2) We have issue running Rmpi (R package) on slurm, this is a rather long story so hopefully you can understand it better. Hopefully you can provide a solution.
The R script (slurm_test.r) we are trying to run is quite simple. The script has a loop with three iterations. Each iteration calls a function (foo) that will apply a certain operation using threads by creating and stopping a "cluster".

Here are the results obtained when testing Rmpi with slurm and OpenMPI. Running

sbatch slurm_test_MPI.slurm

as is, i.e., 2 Nodes, 24 Tasks with 1 CPU per task, produces the output in the slurm_test_MPI_01.log

The error is the following:

"There are not enough slots available in the system to satisfy the 23 slots
that were requested by the application:
  /usr/local/gcc-6_3_0/openmpi-2_0_1/R/3.3.3/lib64/R/bin/Rscript

Either request fewer slots for your application, or make more slots available
for use."

It is clear that we are using less tasks than the amount requested, but the job would not run.

The second case is when we request 1 Node, 12 Tasks and 1 CPU per task.
The output is the one showed in the file slurm_test_MPI_02.log. (The file shows that the job was cancelled because I cancelled). To summarize the output, the script runs, and goes through the first itearation of the loop, but then it hangs. We actually know that the scripts gets stuck at line 83 when calling the

stopCluster(cl=clus.rep)

These problems do not happen when using SOCKET as an option.

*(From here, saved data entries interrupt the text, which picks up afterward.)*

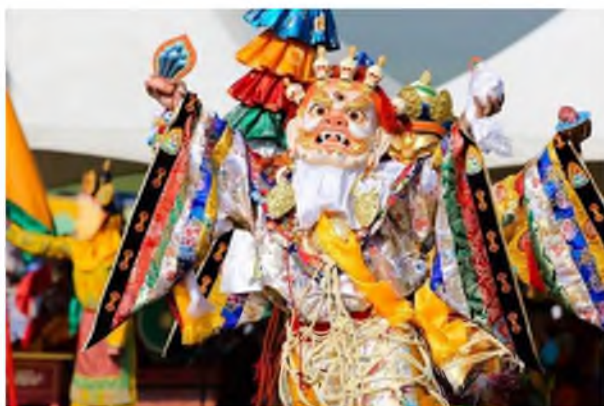
Рисунок 1. Типичный костюм церемонии цам в Монголии

главная идея танца цам заключается в победе над религиозным врагом [6].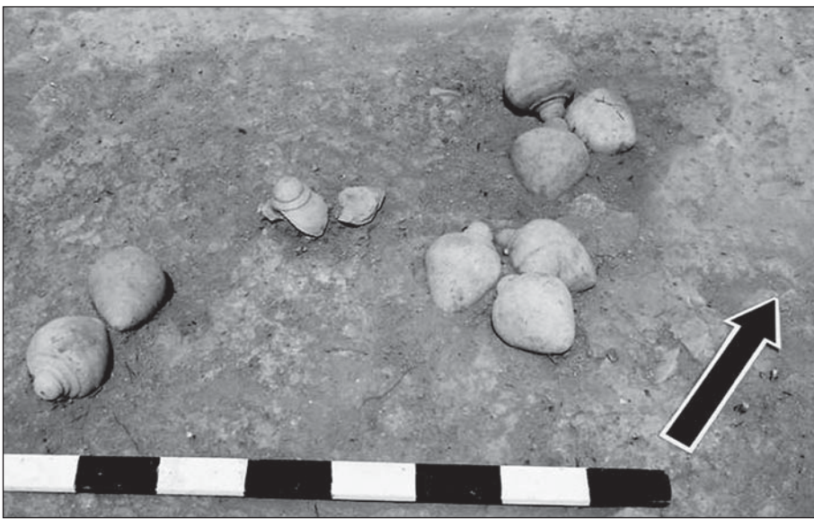
Рис. 2. Торговиця. Розкоп VIII, сфероконуси

турний шар складався з ґрунту, перемішаного з битою цеглою.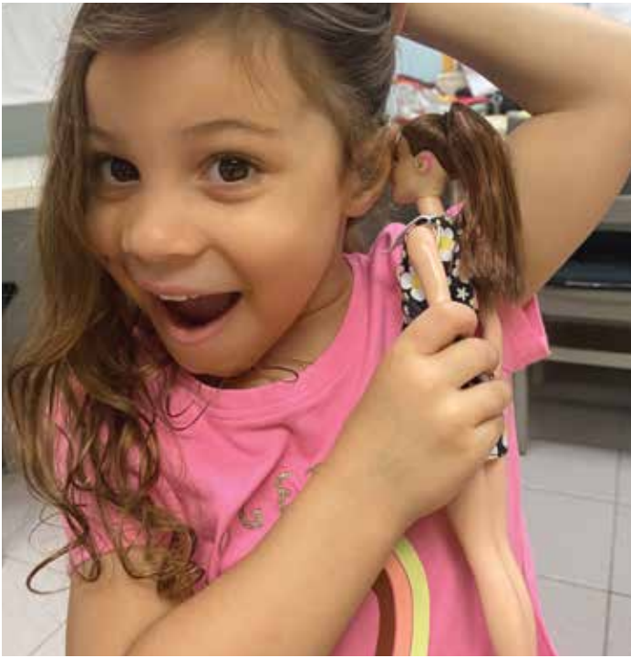
طالبة من مدرسة تشامبرلين تلعب بدمية باربي مزودة بوسائل مساعدة للسمع، وهي جزء من سلسلة دمي "Fashionista" الجديدة من شركة Mattel المصممة للأطفال "ليروا انعكاس أنفسهم".

بيئة مدرسية عادية ولا يتم تمييزه". إنه متحفز ويريد تعلم المزيد وأشعر أن إدراجه في برنامج تشامبرلين قد منحه الفرصة للقيام بذلك. إنه يعلم أنه ليس الطفل الوحيد الذي يرتدي غرسات القوقعة الصناعية وأن هذا أمر طبيعي".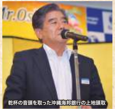
乾杯の音頭を取った沖縄海邦銀行の上地頭取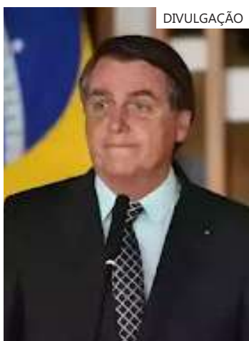
Bolsonaro beneficiou igrejas com incentivos fiscais

tera, que qualquer manifestação formal do órgão sai apenas quando ministros tomam decisões solitariamente ou em plenário. "O TCU se manifesta apenas por meio de seus acórdãos ou por decisões monocráticas dos seus ministros", destacou.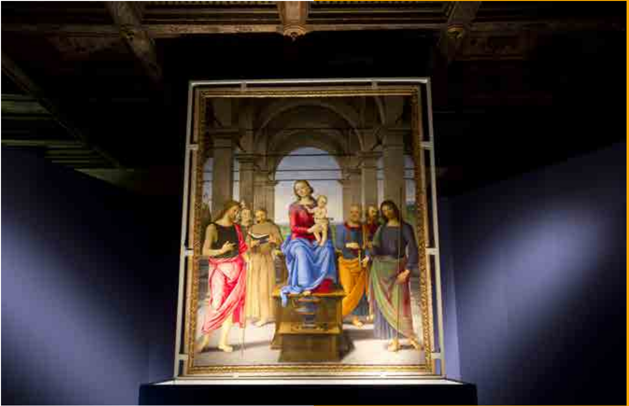
La Grazia e la Luce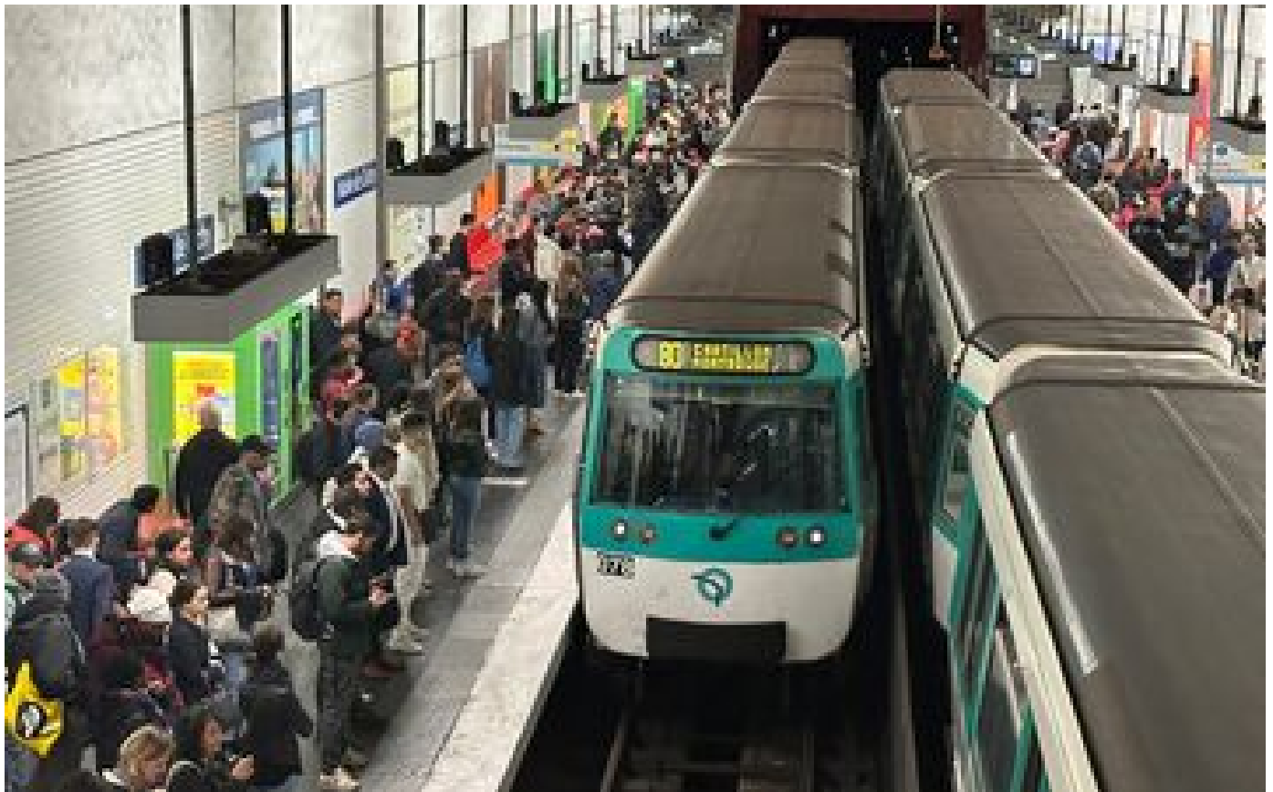
Régularité des métros : pas d'amélioration constatée en octobre P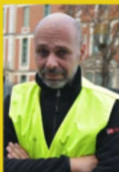
Initiateur du mouvement des Gilets jaunes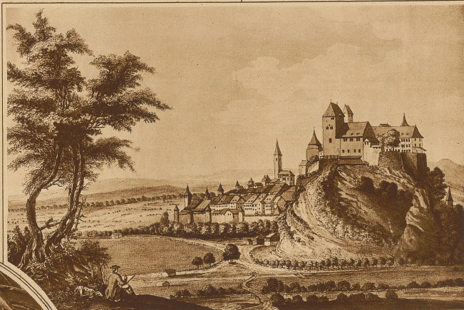
Schloß und Städtchen Burgdorf zur Zeit Pestalozzis

Die Wärme des Mutterleibes soll dem Kind auch nach der Geburt nicht entrisen werden! Die Keimzelle jedes Menschenlebens hat die Familie zu bleibend Heilig ist das Herdfeuer — widersinnig jede Vereinigung, die das Herdfeuer mit den einfachen Symbolen des Brotbrechens und Spinnens nicht kennt. Widersinnig ist vor allem die Schule als eine Lehr- und Lernvereinigung ohne Zärtlichkeit. Wenn die Schule sein will, muß sie zum Mutterprinzip zurückkehren, muß die Wohnstube werden, muß sie für alle Kinder durchaus das tun, was im Hause die Mutter für die eigenen Kinder tut... Wenn Pestalozzi in tausend Sätzen, in immer neuen Variationen diese Dinge vorbringt, dann ist er tausend Jahre alt. Er kennt das Leid der Mütter, denen man ihre Lieblinge entreißt, um «brauchbare Menschen» aus ihnen zu machen. Er weiß, daß diese brauchbaren Menschen in kurzer Zeit von der Welt verbraucht sein werden, und daß auch sie in kurzer Zeit die Welt verbrauchen werden — die darum auch mit jedem Jahre schäbiger wird.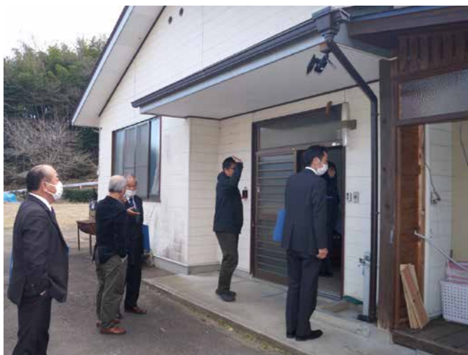
お風呂と洗濯室を無料開放している ころたけハウス（耕野まちづくりセンターとなり）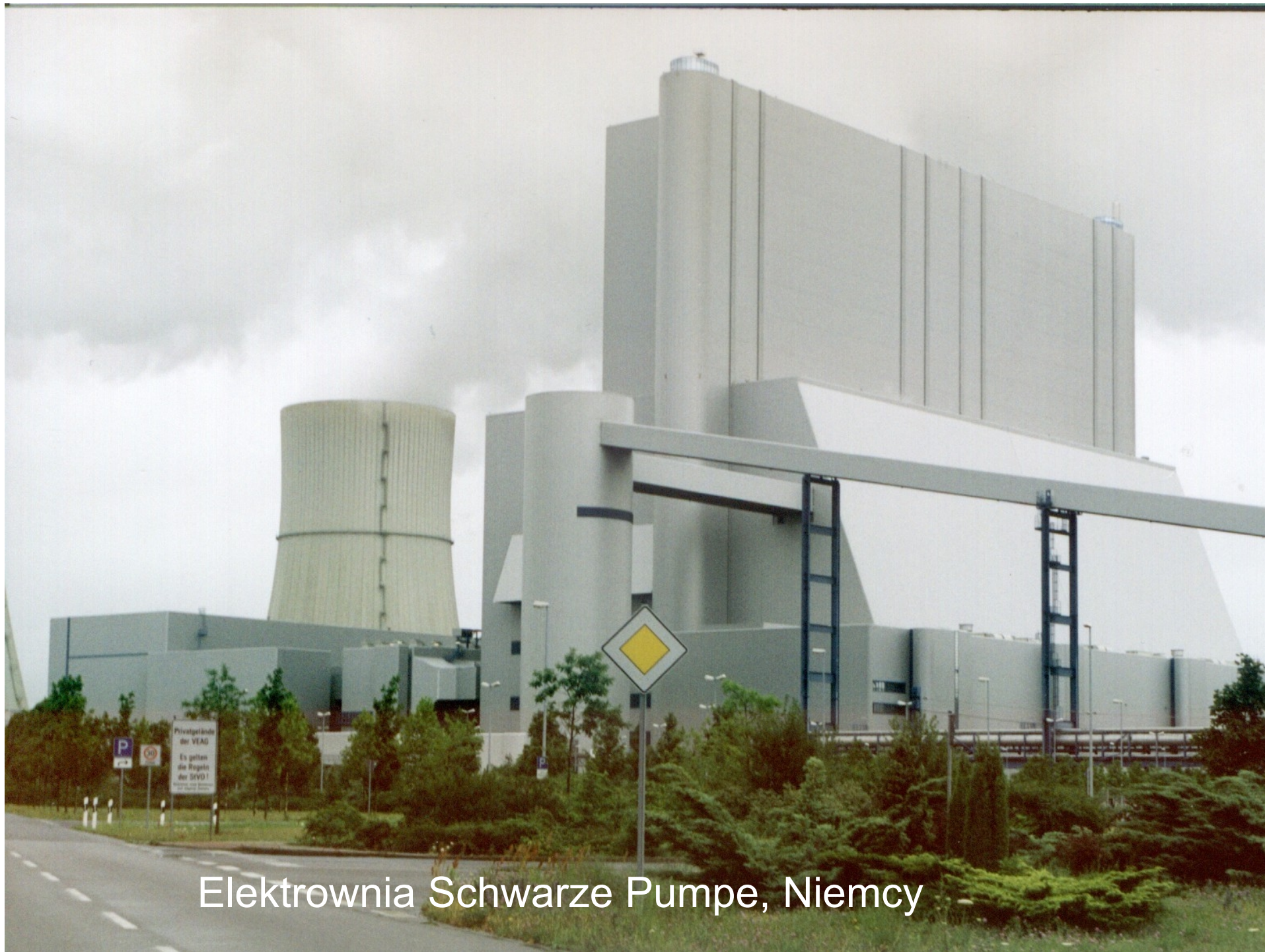
Elektrownia Schwarze Pumpe, Niemcy

We do not know what is wrong.


Thanks!
Comment 1 Tim Wickberg 2017-05-11 15:49:14 MDT
(In reply to Hadrian from comment #0)
> Hi,
> 
> We have a couple of questions about implementing OpenMPI with Slurm 17.02.2.
>  
> 1) We use "rpmbuild -ta --with pmix
> /usr/local/src/slurm/slurm-17.02.2.tar.bz2" hoping to enable pmix plugin,
> but it does not show up as a plugin on the installed slurm. "srun
> --mpi=pmix" would say "Couldn't find the specified pluin name for mpi/pmix"

Do you have the PMIx development headers available on the system, and in a location that would be detected automatically? I believe you can pass a location in as an argument there add that to the search path.

There should be a warning in the rpmbuild logs indicating that it could not find , and is not building those modules.

> 2) We have issue running Rmpi (R package) on slurm, this is a rather long
> story so hopefully you can understand it better. Hopefully you can provide a
> solution.
> The R script (slurm_test.r) we are trying to run is quite simple. The script
> has a loop with three iterations. Each iteration calls a function (foo) that
> will apply a certain operation using threads by creating and stopping a
> "cluster".

R integration falls outside the scope of what we support; it's unclear to me where the problem is here but I do not believe it's within Slurm.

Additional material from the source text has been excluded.